IS called for car attacks
Transforming a vehicle into a simple but deadly weapon of terror -- as happened to such bloody effect in Nice on Thursday -- is a tactic well known to intelligence agencies.
A truck smashed into revellers celebrating France's Bastille Day, killing at least 84 and injuring scores as its ploughed two kilometres through the crowd.
This is not the first time in recent years that someone has deliberately driven a truck into pedestrians on a French street. But the scale, speed and death toll from this apparent attack in Nice are unprecedented.
It follows a call by so-called Islamic State (IS) spokesman Abu Muhammad Al-Adnani some months ago for IS followers to do exactly what this truck driver did.
In 2014, he called on IS supporters to use vehicles to commit terror attacks, if they didn't have access to more traditional weapons.
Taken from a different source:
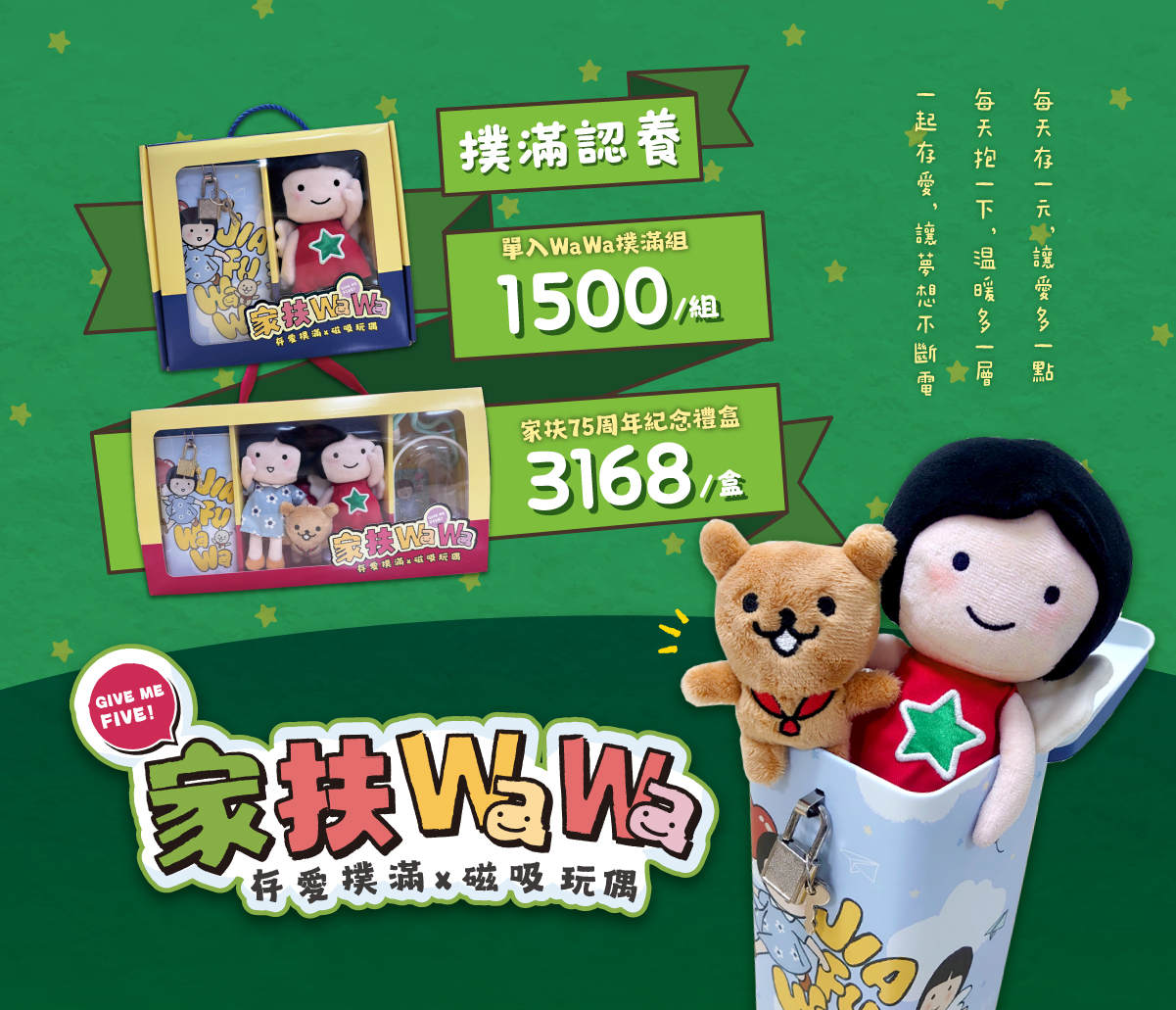 組合裡都有絨毛玩偶公仔+可愛鐵盒撲滿,有兩款玩偶:家扶WaWa和兒保WaWa,可以選擇,還有小驚喜等你來發現!
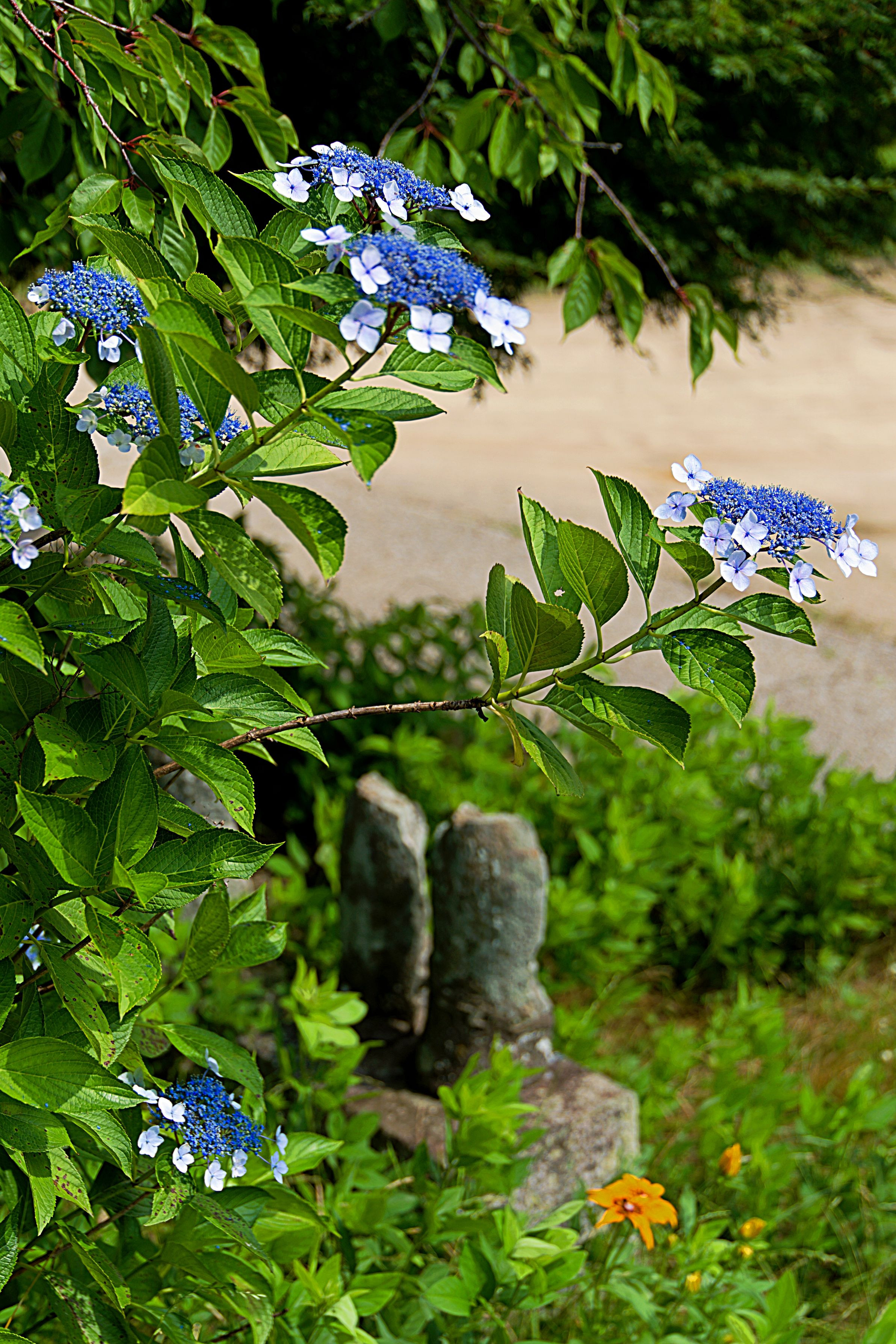 備中国分寺の五重塔近くで撮った1枚です。日本アジサイです。質素に石仏の裏で飾るように咲いていました。

"If you cannot (detonate) a bomb or (fire) a bullet, arrange to meet alone with a French or an American infidel and bash his skull in with a rock, slaughter him with a knife, run him over with your car, throw him off a cliff, strangle him, or inject him with poison," he said.
Al-Adnani said there was no need to "consult anyone" as killing all unbelievers is fair game: "It is immaterial if the infidel is a combatant or a civilian... They are both enemies. The blood of both is permitted."
Experts say, this, and other calls for attacks in Europe, are partly in response to the significant losses being experienced by IS to the shrinking territory it controls in Syria and Iraq.